What does it take to do an analysis?

When you embark on some project, it’s helpful (but not necessary) to plan where you are going. It’s best to think about factors like:

What data am I analyzing? What format is it in, and is that going to change? Will there be a lot more of this data that I want to process in the future?
What kind of analyses do I want to do? What major steps do I have in my process? What work from others can I re-use and build upon?
What do I want to generate?

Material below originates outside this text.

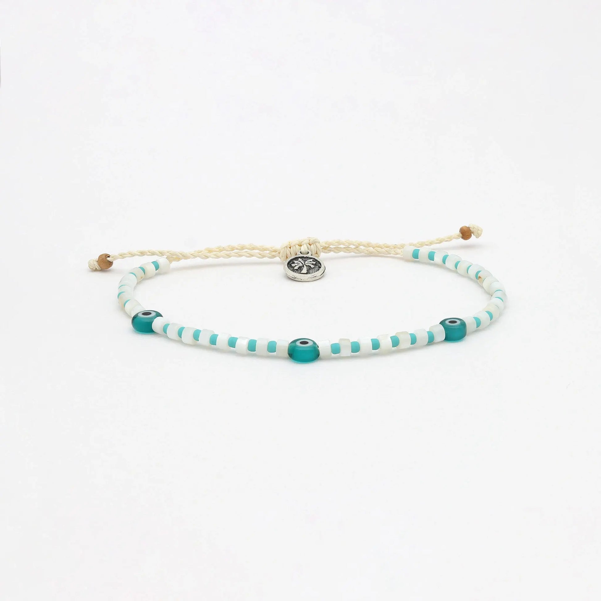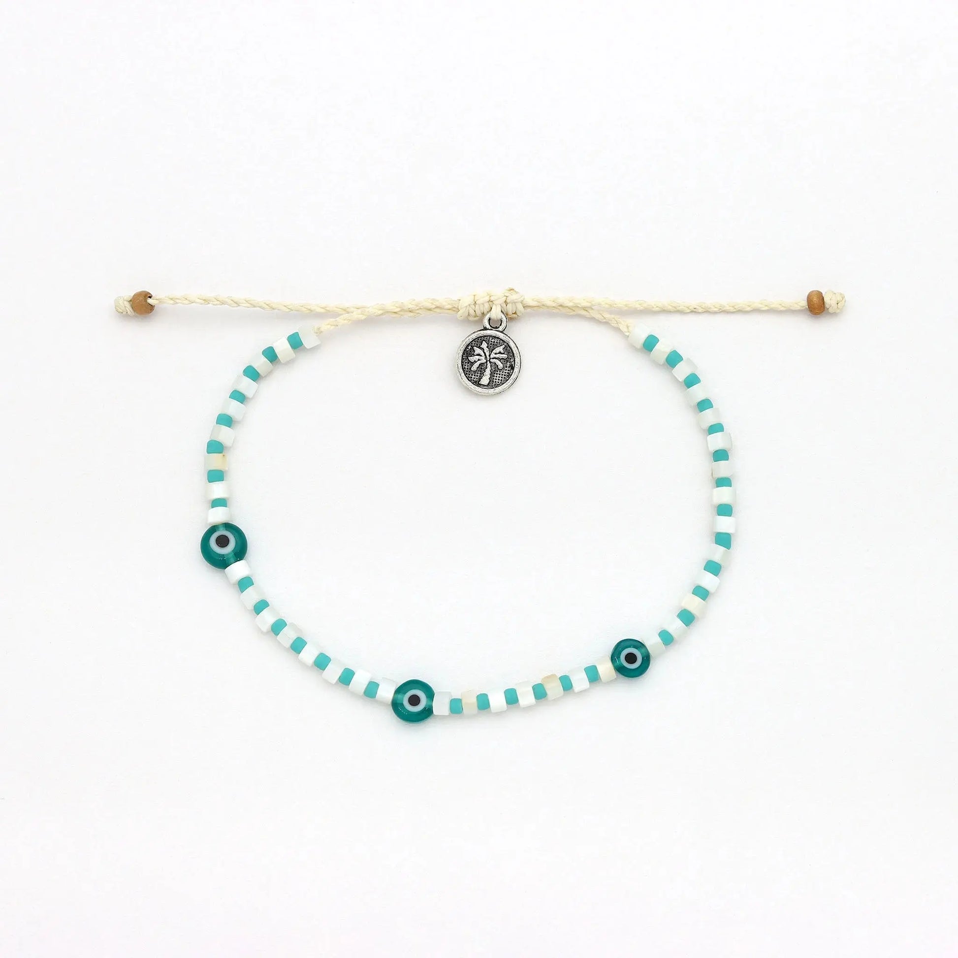 - Made with teal blue glass seed beads, glass evil eye charms, and a wax polyester cord.

What is the desired outcome, and for whom is this intended?

In the author’s experience, bioinformatic workflows often involve reading in big (or many) flat files, processing the data into a useful form, sometimes using extra packages to analyze the data, then generating plots and statistical summaries of what you found - usually in an Rmarkdown-generated report.

So let’s start building up some good habits and skills!

4.1.1 Organizing files

Everyone’s got their own personal organizational systems, but usually everyone is operating on computers organized in a hierarchical file system. This paradigm organizes files into hierarchically nesting directories.

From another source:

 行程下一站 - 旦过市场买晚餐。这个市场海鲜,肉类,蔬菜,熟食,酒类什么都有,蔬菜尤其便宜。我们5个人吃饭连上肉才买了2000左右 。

In at least this author’s experience, it is common practice to:

use one folder per major chunk of work
use subfolders such as
- data
- scripts
- tmp
- output
write a README explaining what the project is and how to use it

There are many opinions on how to do this. The correct style is whatever works for you and your research community. Ask your supervisor.

–> Let’s go ahead and make an organized folder structure to work in <–

You can change files and such using RStudio. Go to the panel on the bottom right, and switch it to “Files” tab. You might see something like this:

a mostly empty directory

Go ahead and make a new folder, maybe call it “project”:

making new folder

Then, make folders to hold different types of files. What folders should we make? data, scripts, output is a good start.

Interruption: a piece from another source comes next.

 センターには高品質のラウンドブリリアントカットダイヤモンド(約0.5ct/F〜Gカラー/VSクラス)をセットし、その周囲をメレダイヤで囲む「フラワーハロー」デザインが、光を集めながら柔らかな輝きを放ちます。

Then, put a copy of the day5 worksheet in scripts folder. You can move it however you like, using a folder, bash, or save-as. Put that in the scripts folder.

4.1.2 Use a notebook to generate reports

Self-documented code means code that can be understood without an external explanation. You should probably do this with a code notebook. rmarkdown is the premier tool for typesetting static notebooks, and it’s simpler to setup, use, and distribute results from, and is most commonly used by the R community.

4.1.2.1 Background about `rmarkdown`

The rmarkdown package was created by Yihui Xie, extending from previous work and ideas in knitr and sweave.

It’s a way of mixing writing with code, such that you can run the code and it makes a pretty doc (and more).

Basically, it does this:

Parses .Rmd files to run the R code chunks, with appropriate chunk options, and saves the output of the R code along with the original text in a .md file.
Passes the .md file to pandoc to turn this into an appropriate output, usually a HTML file.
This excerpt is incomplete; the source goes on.